What is IP?

The type of property that is familiar to most people comprises physical objects. People own clothes, cars, houses and land. Intellectual Property (IP), on the other hand, is the product of someone's mental efforts. Thus an individual's creativity and innovation can be owned in much the same way that they can own physical property.  National and International laws and conventions recognise the product of a person's mental efforts as an Intellectual Property right (IPR) 

IP is all around us. Every product or service that we use in our daily lives is usually the result of a long chain of big or small innovations, such as changes in designs, or improvements that make a product look or function the way it does today. Regardless of what product an enterprise makes or what services it provides, it is likely that it already has or is regularly using and creating a great deal of IP. For example, almost every business enterprise has a trade name and may have one or more brands and should consider protecting them as trade marks. Many will develop creative original designs. Many will have produced, or assisted in the publication, dissemination or retailing of a copyrighted work. Some may have invented or improved a product or service. 

Some forms of IP require formal application and examination before you can claim a right to ownership. Others, such as copyright, do not.

So applying for an IP right to protect your idea can be critical if you want to build a business and establish your presence in a market. It is also important to understand the different types of IP and the advantages of each. 

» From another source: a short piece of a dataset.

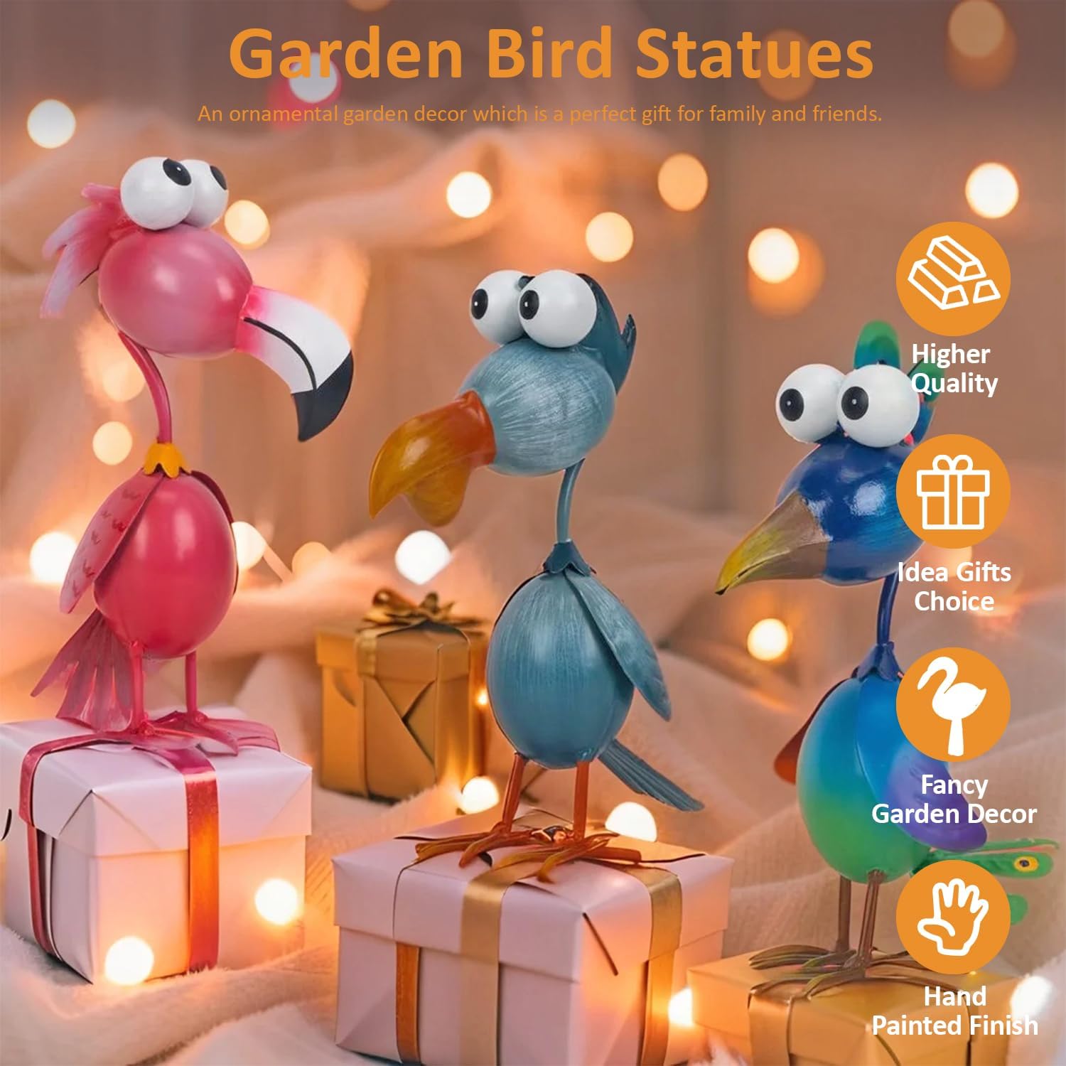 Kircust Outdoor Metal Bird Yard, Garden Decor for Outside Flamingo/Peacock/Pelican Decorations Art Statues, Lawn Ornaments for Courtyard, Patio, Backyard, Porch, Set of 3

The main intellectual property rights cover a number of areas, including Patents for Inventions, Trade Marks, Industrial Designs and Copyright.

  • Patents are concerned with inventions producing a technical result - of new and improved products, processes and uses that are capable of industrial application.

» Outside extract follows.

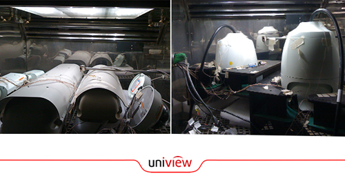 图:宇视球机接受太阳辐射模拟箱严苛测试(高温50℃)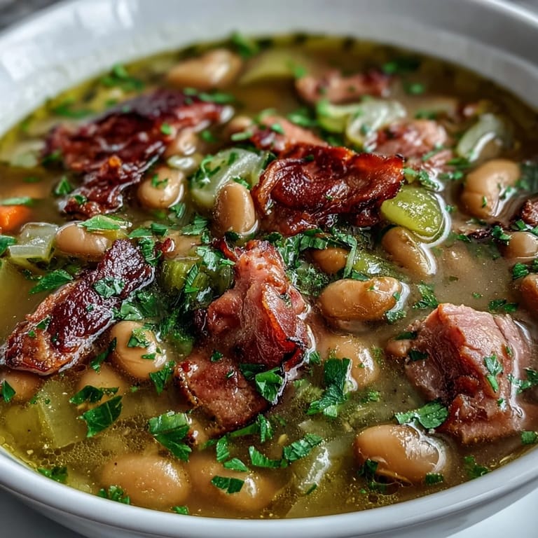 Save There's a moment about 45 minutes into simmering when the whole pot seems to sigh, like it's finally accepted its purpose. The broth deepens to gold, the beans surrender completely, and the ham flavor has woven itself through everything. That's when I know the hard work is done and all that's left is the joy of serving it.

  • Trade Marks are concerned with brand identity - principally of goods and services. They can be distinctive words, marks or other features, the purpose of which is to make a distinction in the mind of a customer between different traders, products and services. 

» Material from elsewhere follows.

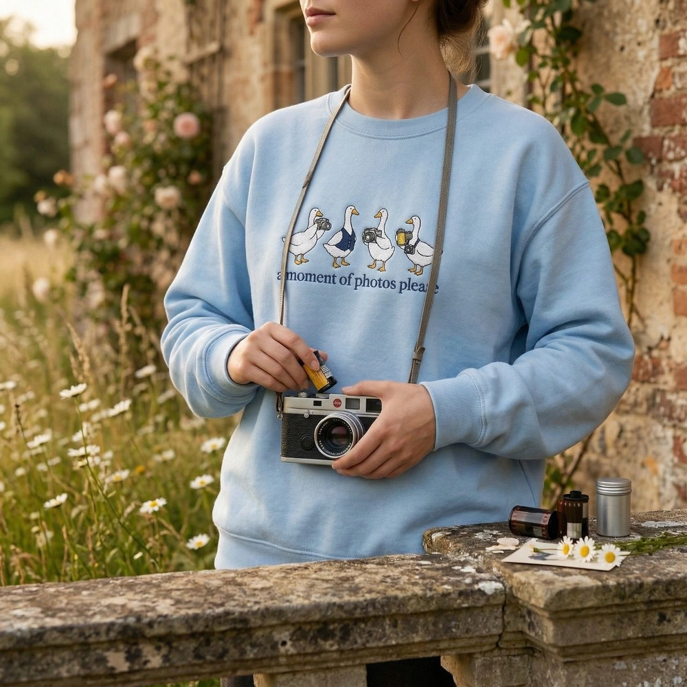Whether you are the designated group photographer or a professional film enthusiast, this sweatshirt is designed to spark conversations. It celebrates the quirky ‘photo dump’ culture of social media while providing the cozy comfort of a high-quality crewneck. Browse more embroidered sweatshirts or find a funny sweatshirt in our full collection to match your unique style. For just $5, you can add a personalized name or quote to the sleeve, making it a truly one-of-a-kind treasure.

  • Designs are concerned with the appearance of a product - of the whole or a part of a product - features of, in particular, shape, configuration, contours, texture or materials of the product itself not dictated by functional considerations. 

  • Copyright is concerned with original literary works such as novels, poems and plays, musical and artistic works such as musical compositions, sound recordings and TV and radio broadcasts, software, multimedia films, drawings, maps, charts, plans, paintings, photographs and sculptures and works of architecture. Rights related to copyright include those of performing artists in their performances, producers of phonograms in their recordings, and those of broadcasters in their radio and television programs.

It should also be noted that intellectual property also encompasses such areas as know- how, trade secrets, protection of plant varieties etc.  It is often the case that more than one type of intellectual property right can be applied to the same creation.